The Battle of Langley Island in World War II, a thousand Japanese troops were eaten by crocodiles, is it a rumor, or it is true

Japanese prisoners of war

In January 1945, a reconnaissance British military aircraft discovered a Japanese fortification on Langley Island. On 21 January, before the British landing forces launched an attack, the British fleet, led by the battleship Queen Elizabeth, shelled the reconnaissance target positions.

Large-caliber naval guns soon overthrew the Japanese fortifications, and the successful landing of the British drove the remaining Japanese troops out of their positions. Seeing that victory was hopeless, the Japanese troops guarding the island planned to cross Langley Island and retreat inland from the other end of the island. The fighting lasted until 22 February, when the Allies completely occupied Langley.

The Battle of Langley Island in World War II, a thousand Japanese troops were eaten by crocodiles, is it a rumor, or it is true

Landing operations

The so-called "Burmese crocodile incident" was a small episode that took place during the landing battle on Langley Island. A British soldier named Bruce Stanley Wright, who later became a naturalist and wrote a book called Wildlife Sketches Nearand Farr, which mentions an attack on retreating Japanese troops by a swarm of crocodiles perched in mangrove swamps on the night of February 19, 1945.

The Battle of Langley Island in World War II, a thousand Japanese troops were eaten by crocodiles, is it a rumor, or it is true

British Army

The story was constantly hyped and spread, eventually becoming the so-called "japanese troops of nearly a thousand people were wiped out by crocodiles", and was named "the largest casualty caused by crocodiles" and recorded in the Guinness Book of World Records. In fact, although there are many crocodiles in the mangrove swamps of Langley Island, there will not be as many as 10,000 or tens of thousands of them as rumored, and the number of organisms will not exceed the carrying capacity of the local environment.

Moreover, the total number of Japanese troops on the island was only 1,000, and the Allies killed 500 and took 20 prisoners, and the remaining Japanese troops fled to the inland areas, so how could the crocodiles eat more than a thousand devils?

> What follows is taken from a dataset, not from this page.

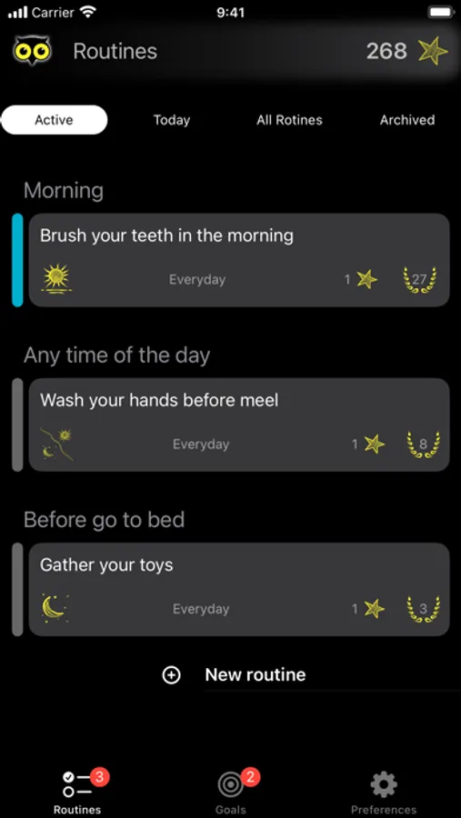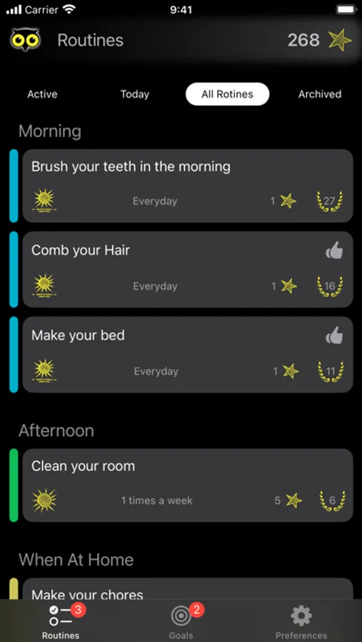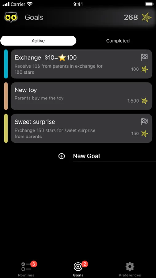 The app includes a system of rewards and achievements. Together with parents, children create goals and track their progress over time. Kids earn points for completing the tasks, which they can use to close out their Goals. Goals are gifts or activities received from parents in exchange for points earned. This helps motivate kids to complete tasks and develops their resource management skills.

The Battle of Langley Island in World War II, a thousand Japanese troops were eaten by crocodiles, is it a rumor, or it is true

alligator

Moreover, the Japanese army occupied Langley Island in 1942, and it was impossible to accidentally hit and break into the crocodile's nest. Moreover, this ghost was not a scattered army, but a retreat into an organization, and from time to time resisted the pursuit of the British army. Even if the retreating Japanese army encountered a crocodile ambush on the way, there were small casualties, and the modern army equipped with guns could still repel the crocodile siege. Although the crocodile's skin texture is hard, it cannot withstand the attacks of modern firearms.

The Battle of Langley Island in World War II, a thousand Japanese troops were eaten by crocodiles, is it a rumor, or it is true

Japanese machine gun positions

Neither the local people, nor the Japanese prisoners of war, nor the Allied officers and men who participated in the war, including the British war reports, did not mention the siege of the crocodile swarms when the Japanese army retreated. Moreover, the battle of Langley Island was not large, and the Japanese army did not put ships into the battle in this battle, so this Japanese army did not come from the sunk Japanese ships, but the island guard troops who were familiar with the local environment.

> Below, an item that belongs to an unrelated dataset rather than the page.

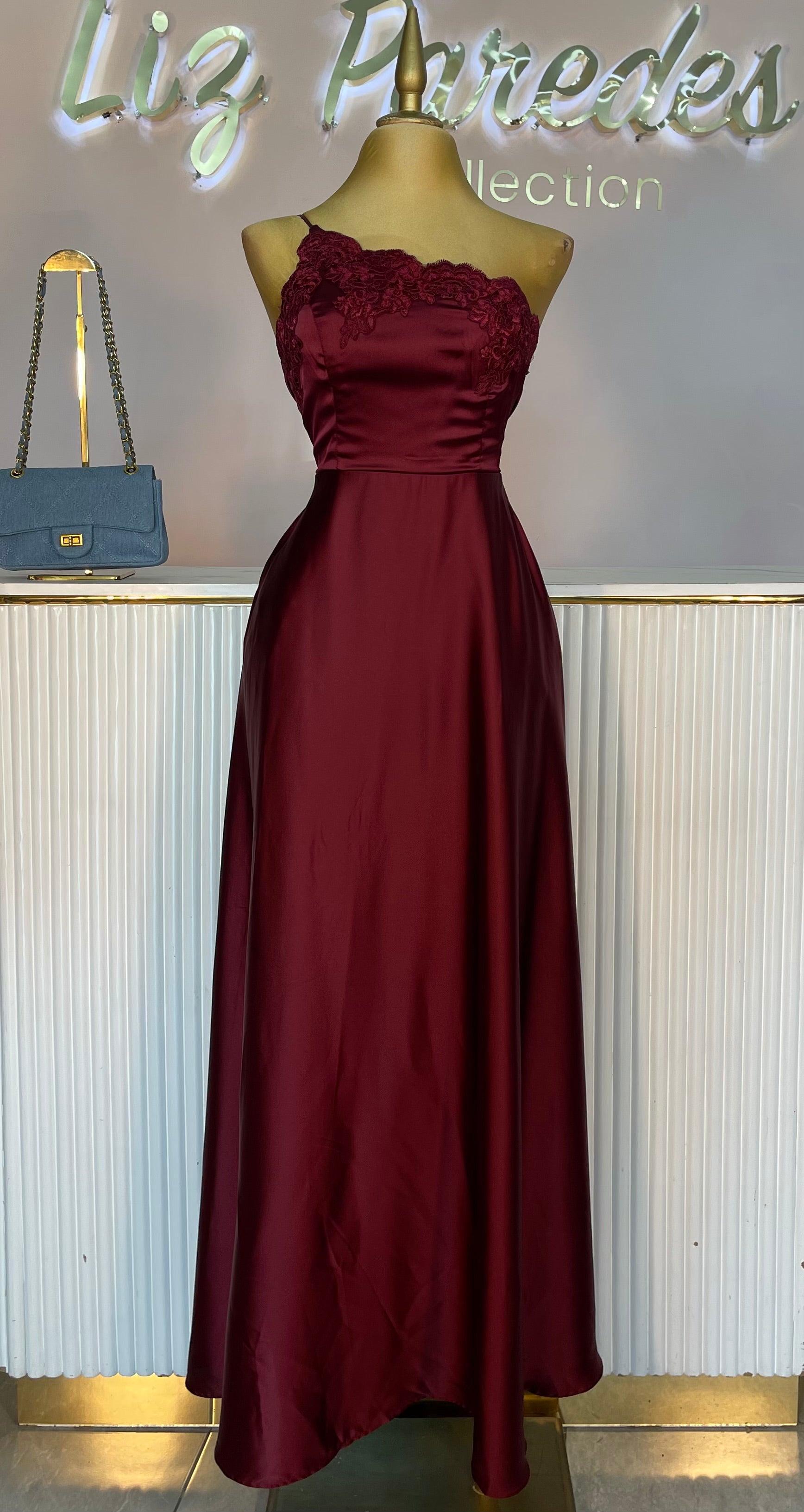 VESTIDO MAXI SATIN ASIMÉTRICO ENCAJE

The truth of "crocodiles eating thousands of Japanese troops" should be that crocodiles smelled the blood on the battlefield, attacked and devoured the corpses of Japanese troops left on the battlefield and the Japanese soldiers and wounded who were left alone, not the eye-catching anecdotes that "it is said that at the end of World War II, a group of nearly a thousand Japanese troops was wiped out by crocodiles" and so on the Internet.